This particular case can be hacked by choosing one distribution kit or another sample in advance, but I would like to do it using one distribution kit, especially since I may need to configure the general distribution later.

This is actually a case of a Gibbs sample, which is very common in statistics. It is very flexible, and if you know the number of mixtures that you use, it will probably be difficult to beat. Choose one individual distribution from the entire ensemble to the sample, and then a sample from this conditional distribution.
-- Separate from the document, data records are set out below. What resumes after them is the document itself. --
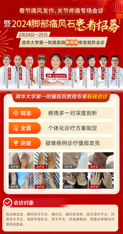 為幫助急性發(fā)病患者們盡快得到規(guī)范、系統(tǒng)的??浦委?,我院作為亞太痛風(fēng)聯(lián)盟HGMC貴陽分中心、貴州省殘疾人聯(lián)合會“風(fēng)路同行·健康貴州公益行”項目及貴州紅十字幫益幫助醫(yī)基金執(zhí)行機構(gòu),特于2月24日—25日面向全省開展“春節(jié)痛風(fēng)發(fā)作、關(guān)節(jié)疼痛專場會診暨2024腳部痛風(fēng)石患者招募”活動。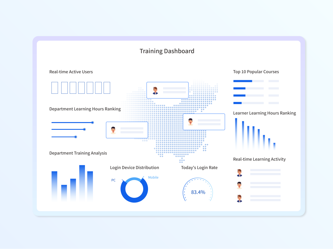 出海企业仅以参训率、完成率为单一评估指标,未形成业务联动的量化评估体系,企业难以准确掌握培训效果。建议搭建柯氏四级本地化评估闭环:反应层做多语言满意度调研,贴合海外员工感知;学习层通过AI监考、多语种考核校验知识掌握;行为层追踪海外岗位实操落地,如合规操作、销售转化;结果层绑定海外核心指标,合规违规率、经销商业绩、海外员工留存率等。于此,依托数据中台的多维度的数据报表,全面复盘评估学习数据、迭代培训内容,从完成培训转向赋能业务,让出海培训效果可追踪、可量化、可优化。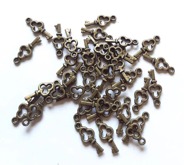 Total cooles Steam-Punk-Set! Diese 30 retro Schlüssel-Anhänger in Bronze-Optik sind perfekt für alle Bastelfans. Du bekommst 3 verschiedene Designs - von jedem Style 10 Stück. Mit 6-6,5cm Länge sind sie ideal für Halsketten, Schlüsselbunde oder Deko-Projekte. Aus Metalllegierung und komplett bleifrei, also absolut unbedenklich. Ob für Hochzeitsdekoration, als Geschenkanhänger oder für deine eigene Schmuck-Kreation - hier ist für jede Idee was dabei! Die antike, rustikale Optik gibt jedem Projekt sofort diesen besonderen Vintage-Charme. Einfach ein Band durch den Ring ziehen und schon hast du eine individuelle Kette. Deiner Kreativität sind keine Grenzen gesetzt! Perfekt auch für DIY-Fans, die was Einzigartiges schaffen wollen.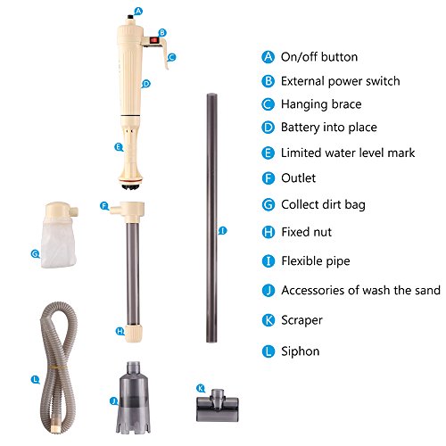 Package Included: 1* Aquarium Battery Cleaner 1* Inlet Tube 2* Extension Tube 1* Scraper 1* Accessories of Sand-Washing 1* Collect Dirt Bag 1* Siphon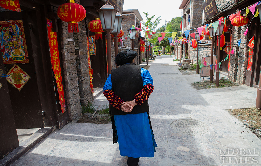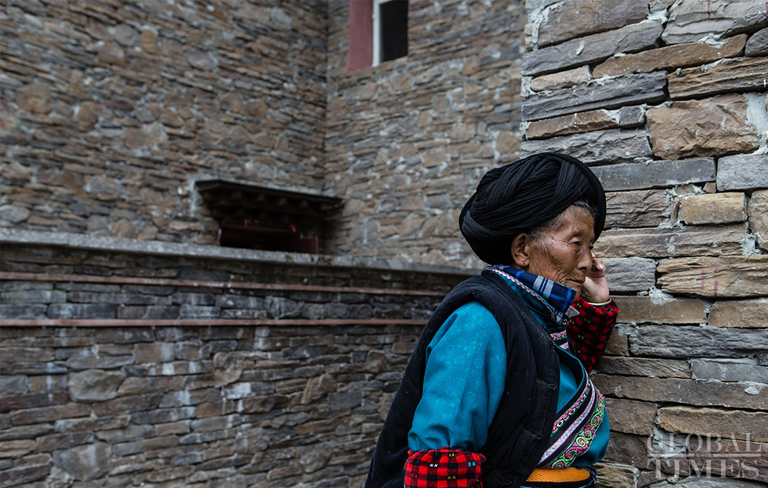 An old woman stands in a yard in the Qiang people’s new village, which was reconstructed in Qionglai after the 2008 Wenchuan earthquake. Photo: Li Hao/GT figcaption >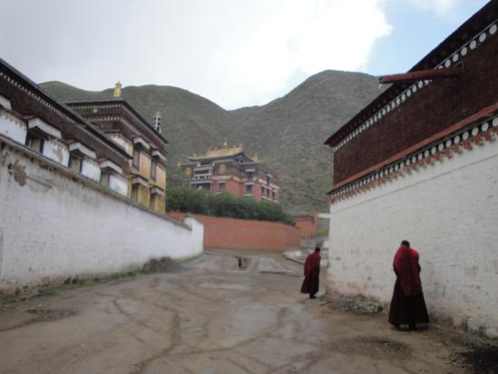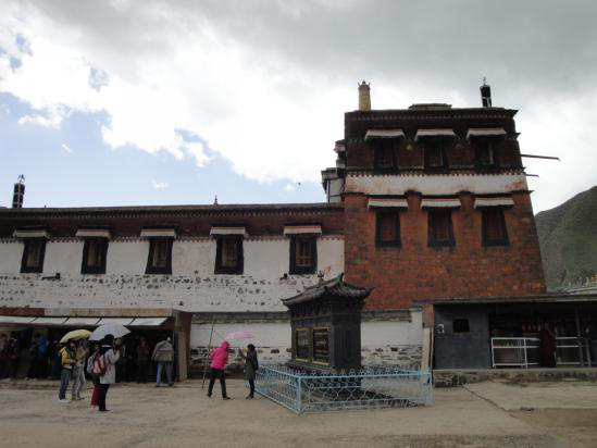 在狹長的盆地上,各式建筑星羅棋布,金瓦紅墻,雕梁畫棟,華麗非凡。僅圍墻就長達3公里余。五百多間連續(xù)回廊及一千多個“嘛呢轱轆”,將寺院與外界隔絕。整個寺院外部墻垣、院地、臺階均以石砌為主,內(nèi)部戶限、柵欄、棟梁、門栓均以木料為主,故有“寺院外不見木,內(nèi)不見石”的說法。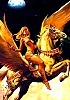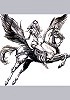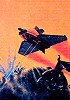 Raumjäger im Kampf, darüber Kopf einer Frau |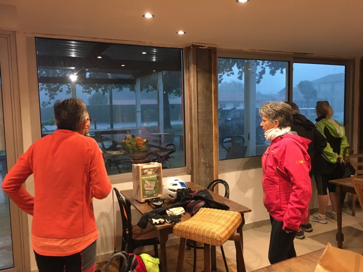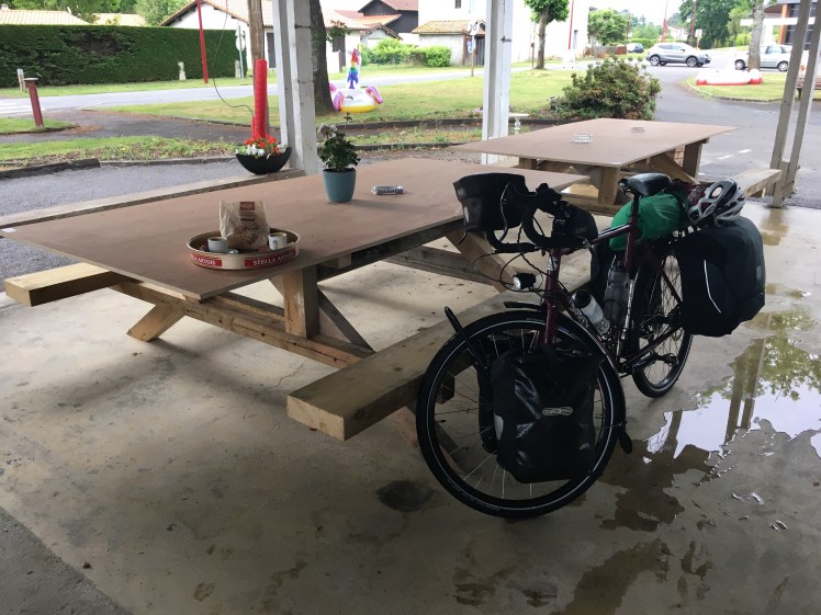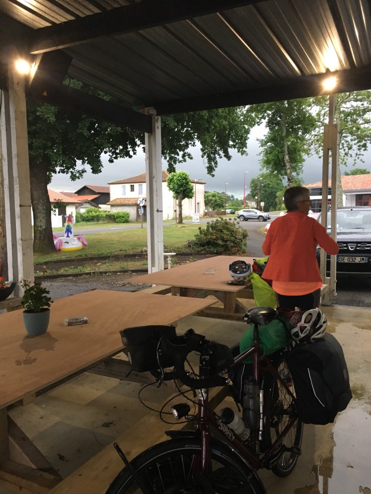 Eventually we made our way to Biganos and our camp for the night. Only to be warned of more storms and hail and told where the safe refuges are ! Looking forward to tonight !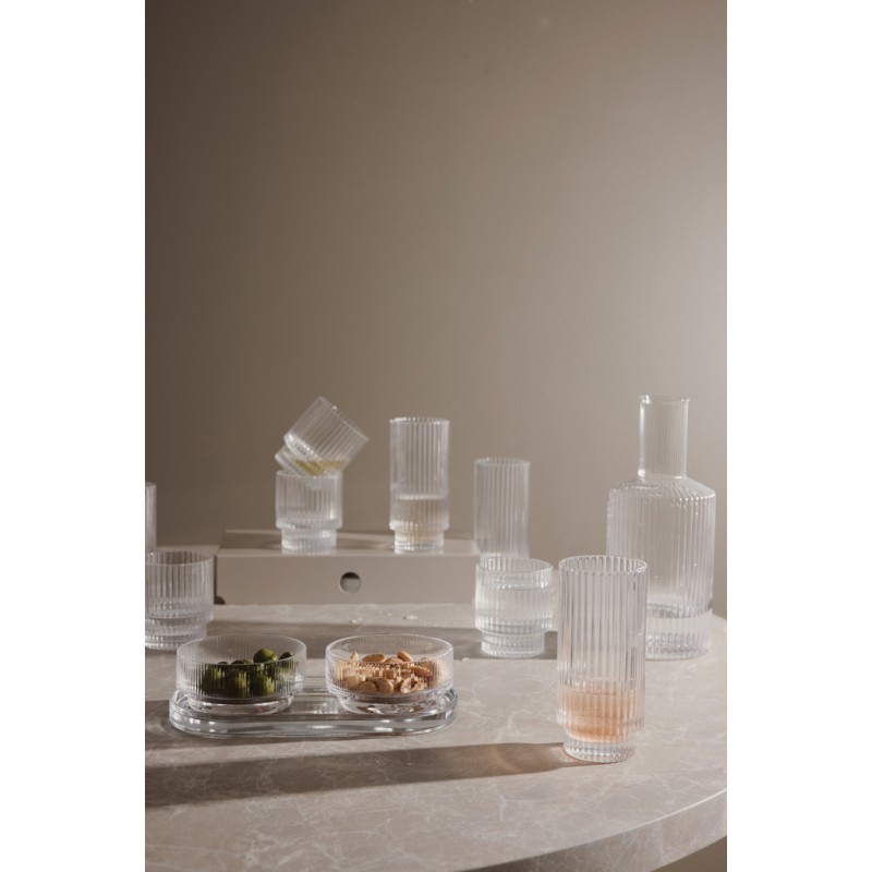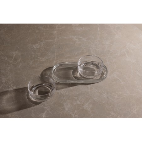 Un ensemble à tapas au design intemporel et aux lignes classiques et épurées. Idéal pour toutes les occasions où vous souhaitez servir de petits plats, des amuse-bouches ou d'autres accompagnements avec style et élégance. L'ensemble comprend deux bols et un plateau, qui peuvent être utilisés ensemble ou séparément. Fabriqué en verre sodocalcique. Les bols ont une contenance de 250 ml. Lavable au lave-vaisselle.

Rinse and repeat.

Here's a simple, non-optimized Haskell implementation for a sampler mixture of a Gaussian Gibbs. This is pretty simple, but you get the idea:

 import System.Random import Control.Monad.State type ModeList = [(Double, Double)] -- A list of mean/stdev pairs, for each mode. -- Generate a Gaussian (0, 1) variate. boxMuller :: StdGen -> (Double, StdGen) boxMuller gen = (sqrt (-2 * log u1) * cos (2 * pi * u2), gen'') where (u1, gen') = randomR (0, 1) gen (u2, gen'') = randomR (0, 1) gen' sampler :: ModeList -> State StdGen Double sampler modeInfo = do gen <- get let n = length modeInfo (z0, g0) = boxMuller gen (c, g1) = randomR (0, n - 1) g0 -- Sample from the components. (cmu, csig) = modeInfo !! c put g1 return $ cmu + csig * z0 -- Sample from the conditional distribution. 

Here is an example: sampling 100 times from a one-dimensional mixture of two Gaussians. The modes have values x = -3 and x = 2.5 , and each component of the mixture has its own separate dispersion. You can add as many modes as you want.
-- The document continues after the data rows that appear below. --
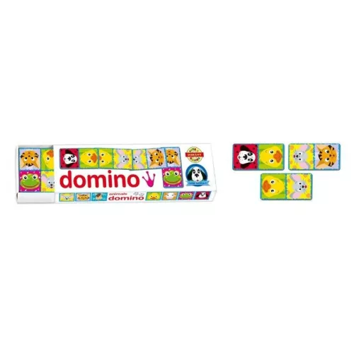 A kicsiknek a klasszikus dominó játék új formája elérhető. A színes képekkel díszített dominón különböző állatok képei láthatók, így már a kisebb gyermekek is átélhetik a dominóval való játék élményét. A feladat egyszerű: a dominókat úgy kell alakzatba helyezni, hogy az azonos állatok kerülhetnek egymás mellé. Induljon a játék! Lepje meg gyermekét ezzel a szórakoztatóan fejlesztő játékkal. A Képes dominó - Állatok készlettel való játék kiválóan fejleszti a gyermekek logikus gondolkodását, alakfelismerését, miközben játékosan ismerkedhet meg az állatok világával.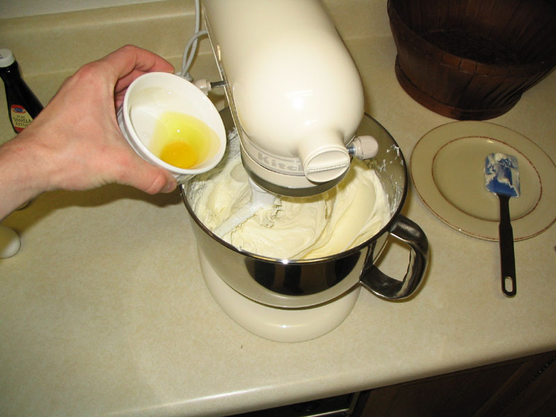 Add the eggs ONE AT A TIME. Mix 30 seconds or so and scrape the sides of the bowl down between EACH egg or the top of your cheesecake will have cracks.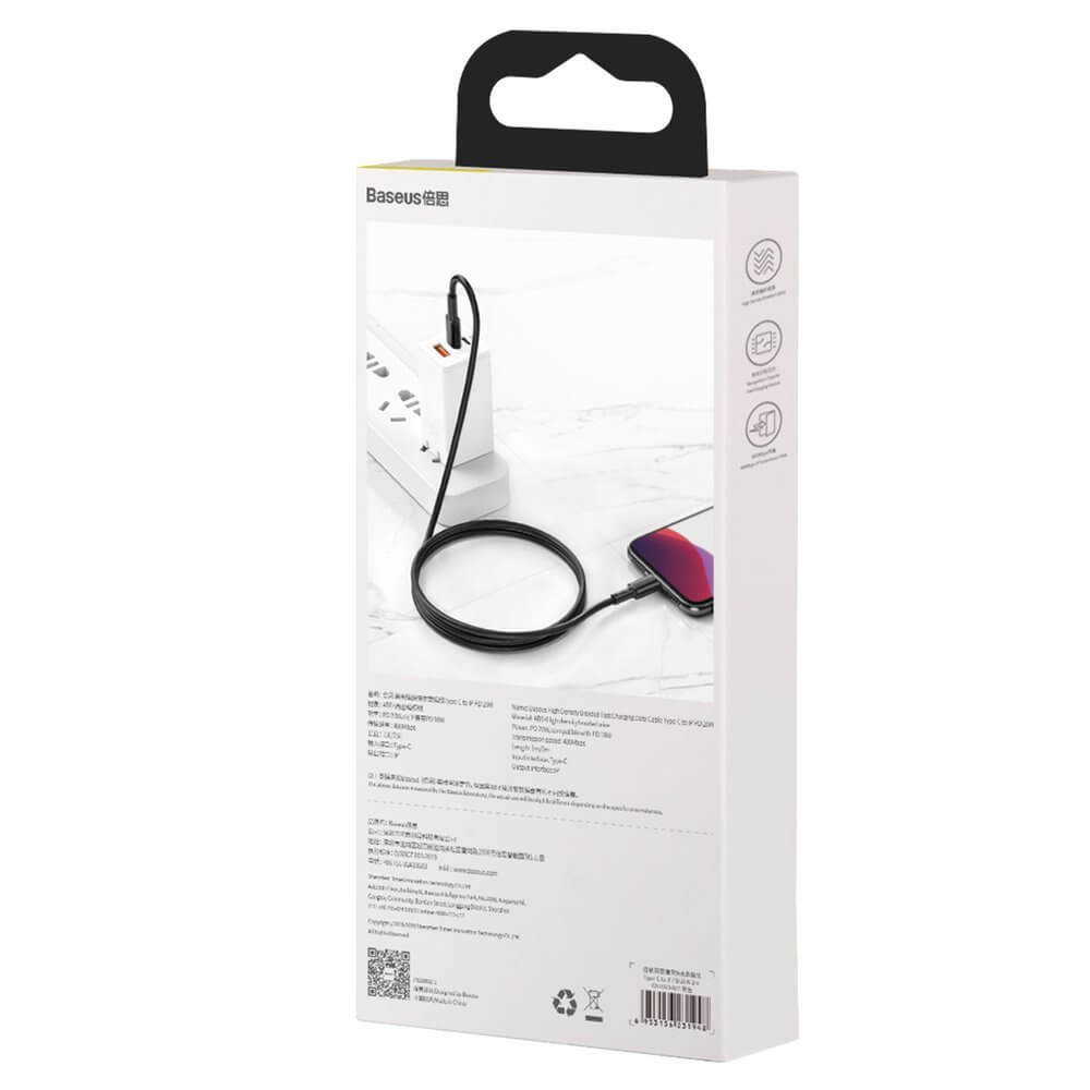 - В комплекта: 1 х Baseus High Density Braided USB-C to Lightning Cable PD 20W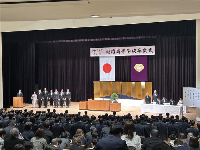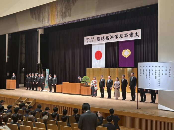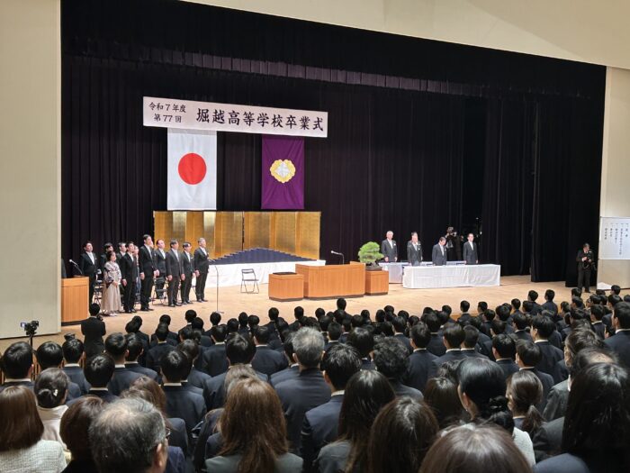 第2部では、学年主任の小沢 尚より卒業生へ温かいメッセージと熱いエールが贈られ、その後、最後のホームルームを実施しました。学級担任から卒業証書が一人ひとりに手渡され、かけがえのない時間となりました。卒業生たちは、堀越高校で過ごした3年間の思い出と誇りを胸に、それぞれの未来へと巣立っていきました。

 main = do let gen = mkStdGen 42 modeInfo = [(2.5, 1.0), (-3, 1.5)] samples = (`evalState` gen) . replicateM 100 $ sampler modeInfo print samples 

Here's a smoothed plot of the density of these 100 samples (using R and ggplot2):

a mixture of gaussians

A more versatile algorithm will be sampling of deviation or importance, and in the case of more complex distributions, you probably want to manually perform the corresponding MCMC procedure. Here is a good introduction to Monte Carlo and the MCMC.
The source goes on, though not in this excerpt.